# What is this song?



## MattDuffy88 (Apr 6, 2009)

right at the beginning of the video? I've heard it many times before but have no idea what it's called or who it's by


----------



## 123stevevw (May 19, 2008)

Moby Natural Blues (oh lordy)


----------



## Warwickshire Detailer (Oct 11, 2009)

Moby......


----------



## packard (Jun 8, 2009)

Moby very underated, you will be surprised how many times his tracks are used in a myriad of films, TV, Radio etc


----------



## Warwickshire Detailer (Oct 11, 2009)

packard said:


> Moby very underated, you will be surprised how many times his tracks are used in a myriad of films, TV, Radio etc


Very true.
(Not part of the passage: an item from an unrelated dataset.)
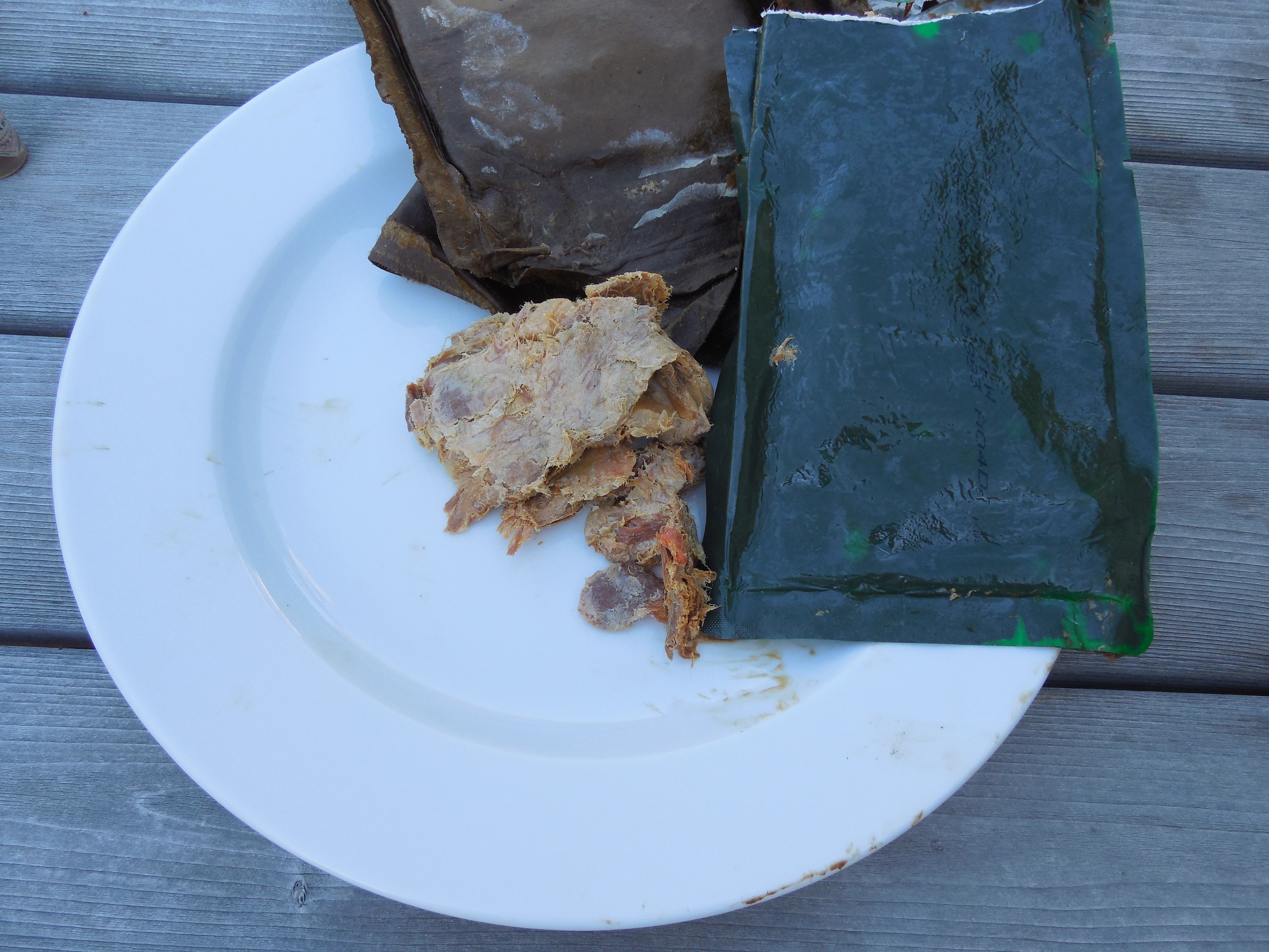 No. No, it wasn't. A smell, not much unlike a moldy dishrag was coming from the MRE. I quickly took everything outside because it was becoming pretty unbearable. I must warn you, some of the next images may not be for the faint of heart. If you're eating something I'd like to politely suggest that you revisit this post later.

I saw him at Global in 2008.... quality :argie:


----------



## Rizzo (Jan 22, 2009)

packard said:


> Moby very underated, you will be surprised how many times his tracks are used in a myriad of films, TV, Radio etc


Yerp, his song is the theme to all of the Bourne films.


----------



## MattDuffy88 (Apr 6, 2009)

Just been and 'borrowed' my Dads best of album, you guys are right he is good


----------



## packard (Jun 8, 2009)

I have his Best of as MP3 burnt to CD always stuck inthe car he is just spot on - re Bourne yep one of the best OST out in my opinion


----------